The production system described herein consists of four subsea gas wells (2,200 feet water depth) tied back via 19-mile dual flowlines to the host platform. Hydrate control is required due to the condensed water from the gas entering the hydrate forming region within a few hundred feet of the wells and continuing through 19 miles of uninsulated flowline to the platform. The production system was designed and engineered for the use of LDHI for hydrate control to avoid the large volumes of methanol would be required both in early field life (condensed water) and later field life (formation water).

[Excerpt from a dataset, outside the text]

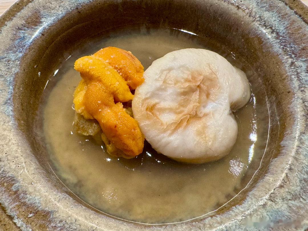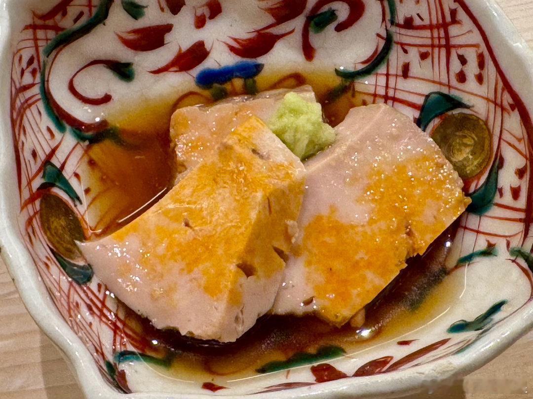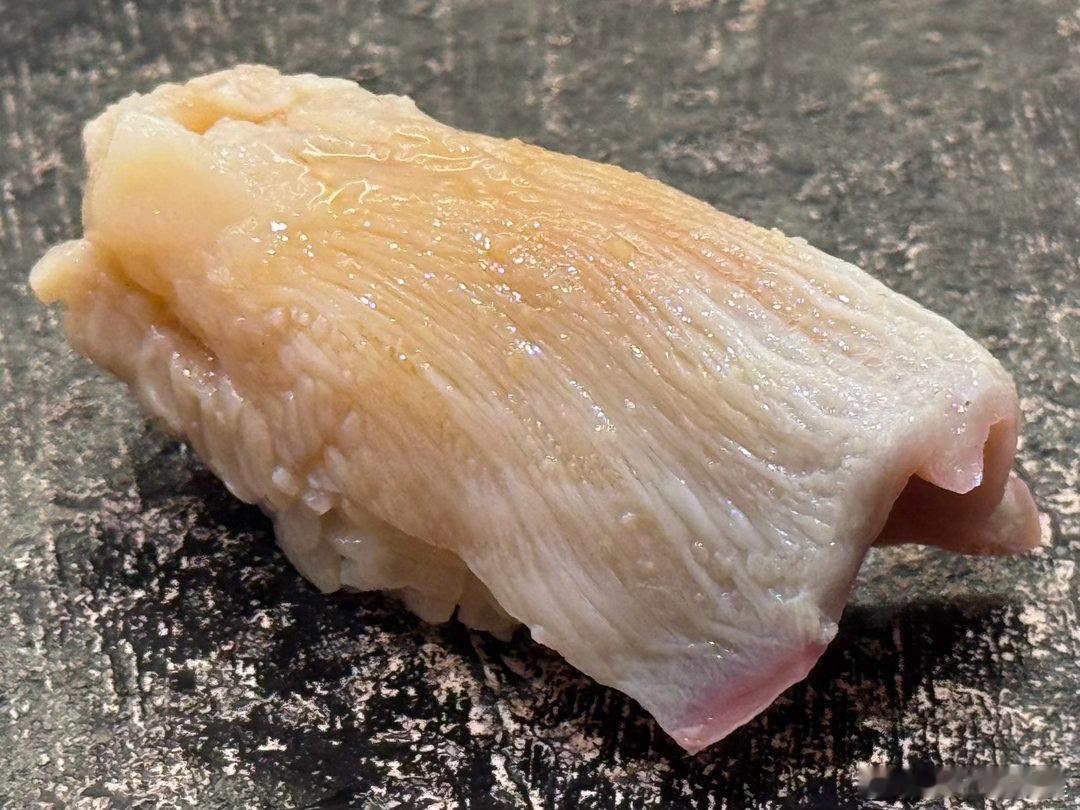 然后是目录上一长串寿司:白乌贼、真子鲷鲈鱼、图3鲜美的北极贝、春季小鲷鱼、图5白鱼(银鱼)、图6超好吃的沙丁鱼、鲣鱼。之后是鲍鱼和鲍鱼汁,然后是图7鲍汁拌饭配海胆和河豚白子,鲜美极了。一道很酸的白虾之后,是金枪鱼赤身和托罗,最后是小肌、烤星鳗、蛋糕和金吉鱼味增汤,图8是鲜甜的鸟贝,图9是大将在上大托罗。

Field conditions dictated (Kelland 2010, Patel and Russum 2010) the use of an Anti-Agglomerant (AA) LDHI versus a Kinetic Hydrate Inhibitor (KHI) due to the high subcooling, low water cut, and performance with long shut-ins on a long subsea tieback. However, there were several challenges to conventional AA chemistries presented by this application. Some of these challenges included treating condensed water in condensate, high gas-to-oil ratio (GOR), rapid cooldown of fluids, continuous injection and impact on topsides fluid processing. As such, a new AA chemistry was developed to perform under the expected field conditions for all stages of the field life.
Overall, there were several critical steps to the successful development and deployment of a new AA for use with condensed water on gas-condensate deepwater production system. Herein, we describe the project design and development, the chemical design, testing, and planning done before start-up, the transition from methanol treatment to LDHI, and the general results and lessons learned to date for this project. This project represents one of the few uses (Klomp et al. 2004) of continuous AA to treat condensed water in a long gas-condensate tieback in deepwater.
The continuous use of AA-LDHI in high-GOR gas systems with only condensed water is one of the most challenging applications for this type of chemistry, both from a performance aspect and topsides fluid treating. Conventional wisdom has suggested that many AAs do not perform well in waters containing less than about 1.5-3.0 wt% salts (Klomp et al. 2004) or high-GOR gas-condensate systems (Clark et al. 2005). This is thought to be due primarily to the rapid formation of hydrates in condensed water with a fast cooldown rate (giving a higher subcooling and formation rate) versus the chemical's ability to disperse to the forming hydrate crystals and minimize particle size to maintain an easily flowable slurry. Moreover, with AA chemistries being surfactant in nature, the continuous use of AAs can present topsides issues with water quality and/or emulsion problems (Webber 2009).
Once the chemistry was developed and tested for both performance and topsides impact, the transition from methanol to the AA in the field required considerable planning and cooperation between the producing company and the chemical service provider. The subsequent field optimization, continuous monitoring, and necessary adjustments to the treatment program proved to be critical in the successful application of the new AA.